Boston Beer (SAM 0.77%) is shipping a lot more alcohol these days compared to last year, and that's showing up in the top and bottom lines. And while the company's flagship Samuel Adams beer brand continues to fall, it's more than making up for it with sales of hard cider, tea, and seltzer.

Yet the growth of these different lines is increasing expenses in marketing, packaging, transportation, and elsewhere that success in cost-saving initiatives can't overcome. That's taking a toll on Boston Beer's gross margins, and the organization now says it won't be able to regain them for several years.

Truly brand of hard seltzer in a bottle and in a glass with a straw and next to lemons

Hard seltzer has been a surprisingly strong performer for Boston Beer. Image source: Boston Beer.

Frothy gains on new product introductions

In the company's third quarter, depletions, or sales to distributors and retailers, soared 18% from the year-ago period while shipments were 23.5% higher, both marking their best performance in four years. If only the brewer's name weren't Boston Beer, the quarterly results would be a great success all around.

Chart of Boston Beer's quarterly depletions growth

Data source: Boston Beer quarterly SEC filings.

As it is, the quality of the beer portfolio continues to degrade. Analysts see Samuel Adams sales continuing to fall by double-digit rates, far outpacing the gains it might be making with new product introductions like Sam '76, a lager-ale blend; Samuel Adams New England IPA, a trendy beer that eschews clarity for a cloudier look; and Angry Orchard Rose, a rose cider. Boston Beer admits the success of its 2018 product introductions is not something easily repeatable, as President and CEO Dave Burwick noted when he said, "I think we beat the odds significantly this year from an innovation perspective." Boston Beer does have new products in the works for 2019 that revolve around the trend of "health and wellness." Still, it's not counting on catching lightning in a bottle two years in a row.

The cost of winning

To compensate, Boston Beer is going to support its existing innovation portfolio going into the second year -- what it calls its sophomore innovation -- to get as much growth and distribution out of new offerings as possible.

The problem is, it's costing the brewer a lot of money to do so. For example, the Truly brand of seltzer introduced a berry-flavored variety pack, and while exceptionally popular, it's been driving significant sales toward cans, especially slim cans. The brewer also pointed to incremental costs it will face related to increasing production volumes at contract breweries as well as higher labor costs at its own breweries.

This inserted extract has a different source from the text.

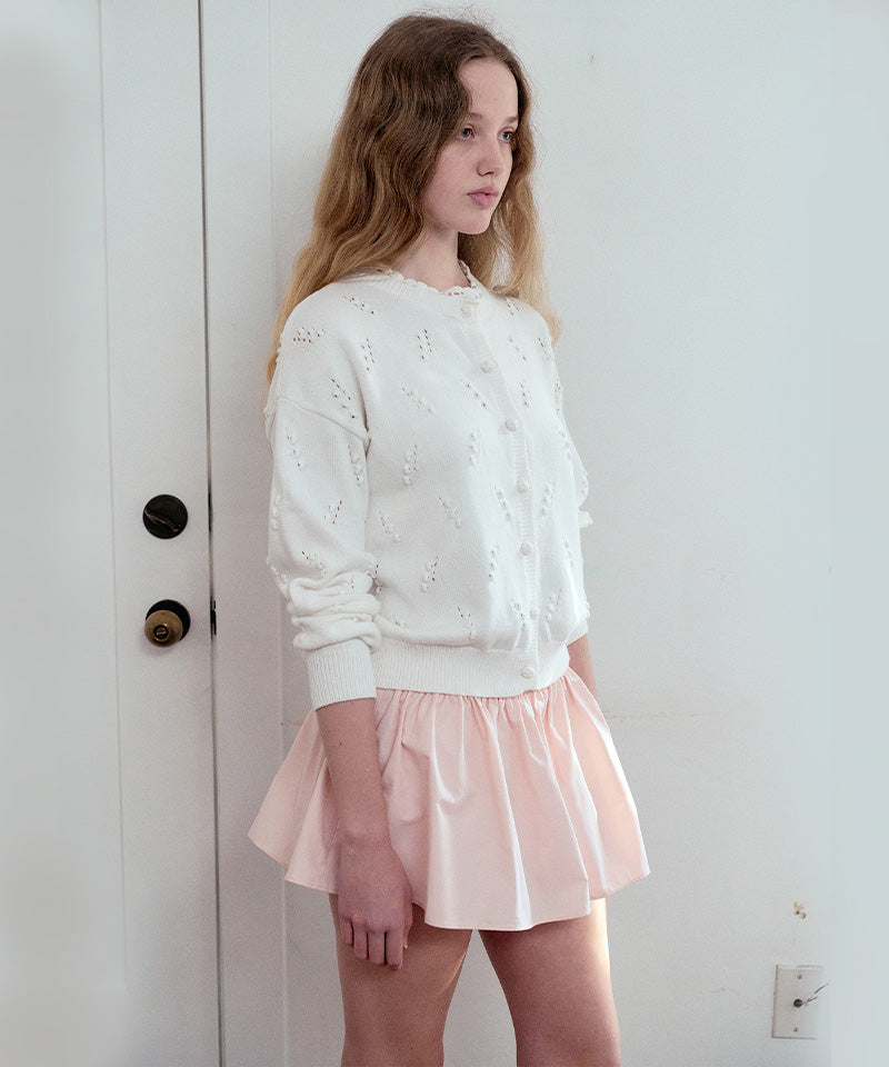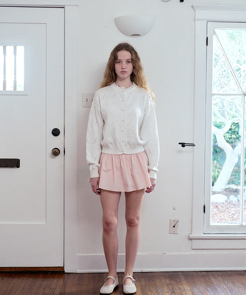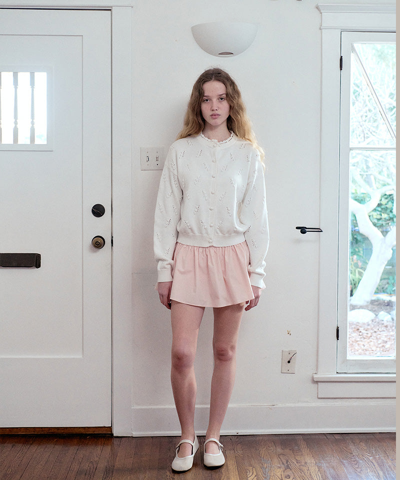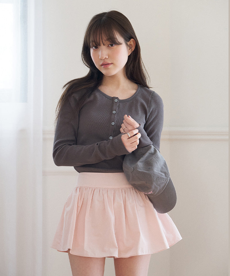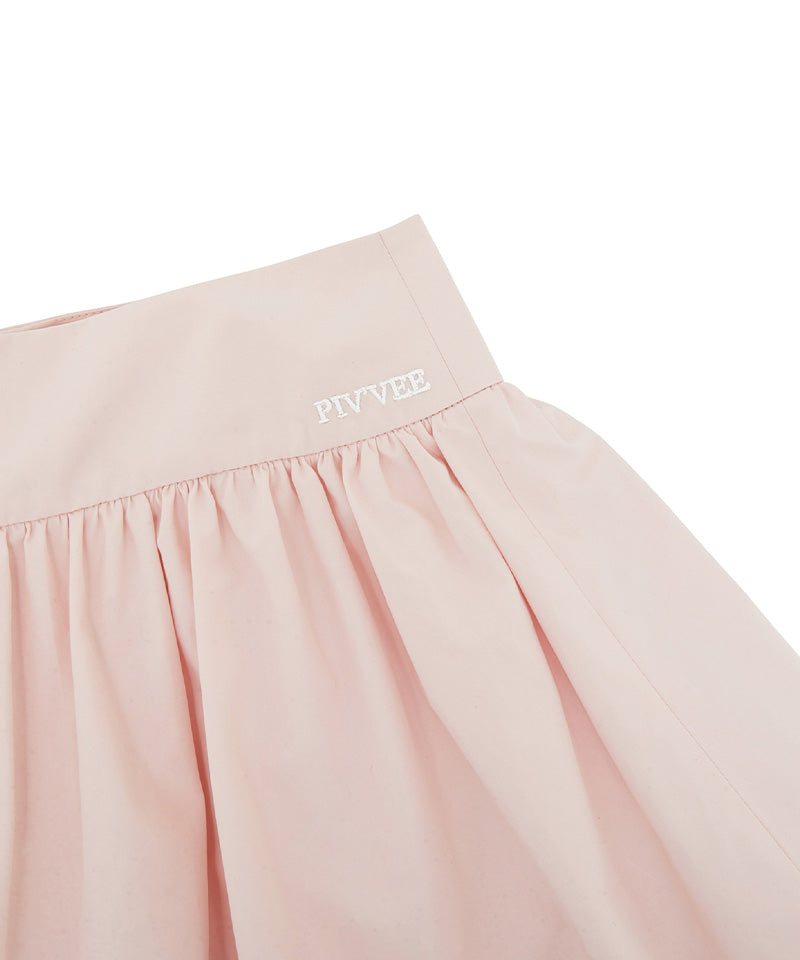 This mini shirring skirt features a voluminous A-line shape crafted from sturdy 100% cotton for a clean, structured silhouette. The Phoebe logo embroidery at the waist adds a signature touch, while built-in cotton underpants provide secure, all-day comfort.

Because Boston Beer will be increasing how much it spends on advertising, promotional, and selling expenses to somewhere between $15 million and $25 million for all of 2018, while also increasing its general and administrative expenses by $10 million to $20 million for the full year, the brewer has reduced expectations for gross margins this year to be between 50% and 52%, down from its prior guidance of 51% to 53%. Next year, it anticipates margins reaching as much as 53% as its cost-saving plans are realized, but it won't see the full benefit of its target of 1% annual margin growth for a few years.

Tough road ahead

That makes Boston Beer an expensive stock at these levels. It's trading at 45 times trailing earnings and 34 times this year's estimates. While the company needs to spend more to support its products and invest in new innovations, these tactics come at a price. Boston Beer is also going to be facing some tough depletion comparables in the quarters ahead: Just as 2018 was marked by stepping over very low hurdles, 2019 will see the bars set much higher.

The organization still needs to figure out how to reverse the decline of the Samuel Adams brand. It has a new ad campaign to highlight the beverage featuring founder and chairman Jim Koch -- always an effective advocate for the authenticity of the beer -- but Boston Beer will be positioning the product more as an alternative to mass-brewed lagers rather than as a craft beer specialty, which is a new tack that may not pay off.

Boston Beer has had a remarkable run this year, with shares 52% higher than where they started, but its wide-ranging innovation isn't cheap, and the high cost of investing in new products may mean the brewer will run flat for a while.